SOURCE RECORDS Start Marker

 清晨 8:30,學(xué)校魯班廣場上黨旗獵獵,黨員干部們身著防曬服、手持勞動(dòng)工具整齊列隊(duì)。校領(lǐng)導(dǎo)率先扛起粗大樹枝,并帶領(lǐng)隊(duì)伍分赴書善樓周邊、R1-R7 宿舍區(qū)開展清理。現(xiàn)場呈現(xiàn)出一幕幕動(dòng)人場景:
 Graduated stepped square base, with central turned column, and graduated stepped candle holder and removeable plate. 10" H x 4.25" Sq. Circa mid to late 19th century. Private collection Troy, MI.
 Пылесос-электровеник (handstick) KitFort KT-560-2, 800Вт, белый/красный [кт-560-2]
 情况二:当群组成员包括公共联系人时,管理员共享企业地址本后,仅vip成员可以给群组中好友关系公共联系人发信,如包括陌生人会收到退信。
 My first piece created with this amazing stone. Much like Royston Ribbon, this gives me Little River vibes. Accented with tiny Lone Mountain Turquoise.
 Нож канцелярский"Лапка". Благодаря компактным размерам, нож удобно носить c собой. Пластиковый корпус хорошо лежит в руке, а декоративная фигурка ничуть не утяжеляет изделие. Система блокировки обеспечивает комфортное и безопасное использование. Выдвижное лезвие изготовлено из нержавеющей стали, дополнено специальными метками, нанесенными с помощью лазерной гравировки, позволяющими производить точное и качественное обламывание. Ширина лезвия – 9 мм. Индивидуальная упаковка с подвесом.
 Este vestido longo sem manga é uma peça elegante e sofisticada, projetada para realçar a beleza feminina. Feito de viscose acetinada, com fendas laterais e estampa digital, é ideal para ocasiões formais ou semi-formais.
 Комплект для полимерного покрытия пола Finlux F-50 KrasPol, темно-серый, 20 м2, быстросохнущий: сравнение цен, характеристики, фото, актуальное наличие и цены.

SOURCE RECORDS End Marker

In full and word for word, output the material.

▶ [TASK SOLUTION]:
 清晨 8:30,學(xué)校魯班廣場上黨旗獵獵,黨員干部們身著防曬服、手持勞動(dòng)工具整齊列隊(duì)。校領(lǐng)導(dǎo)率先扛起粗大樹枝,并帶領(lǐng)隊(duì)伍分赴書善樓周邊、R1-R7 宿舍區(qū)開展清理。現(xiàn)場呈現(xiàn)出一幕幕動(dòng)人場景:
 Graduated stepped square base, with central turned column, and graduated stepped candle holder and removeable plate. 10" H x 4.25" Sq. Circa mid to late 19th century. Private collection Troy, MI.
 Пылесос-электровеник (handstick) KitFort KT-560-2, 800Вт, белый/красный [кт-560-2]
 情况二:当群组成员包括公共联系人时,管理员共享企业地址本后,仅vip成员可以给群组中好友关系公共联系人发信,如包括陌生人会收到退信。
 My first piece created with this amazing stone. Much like Royston Ribbon, this gives me Little River vibes. Accented with tiny Lone Mountain Turquoise.
 Нож канцелярский"Лапка". Благодаря компактным размерам, нож удобно носить c собой. Пластиковый корпус хорошо лежит в руке, а декоративная фигурка ничуть не утяжеляет изделие. Система блокировки обеспечивает комфортное и безопасное использование. Выдвижное лезвие изготовлено из нержавеющей стали, дополнено специальными метками, нанесенными с помощью лазерной гравировки, позволяющими производить точное и качественное обламывание. Ширина лезвия – 9 мм. Индивидуальная упаковка с подвесом.
 Este vestido longo sem manga é uma peça elegante e sofisticada, projetada para realçar a beleza feminina. Feito de viscose acetinada, com fendas laterais e estampa digital, é ideal para ocasiões formais ou semi-formais.
 Комплект для полимерного покрытия пола Finlux F-50 KrasPol, темно-серый, 20 м2, быстросохнущий: сравнение цен, характеристики, фото, актуальное наличие и цены.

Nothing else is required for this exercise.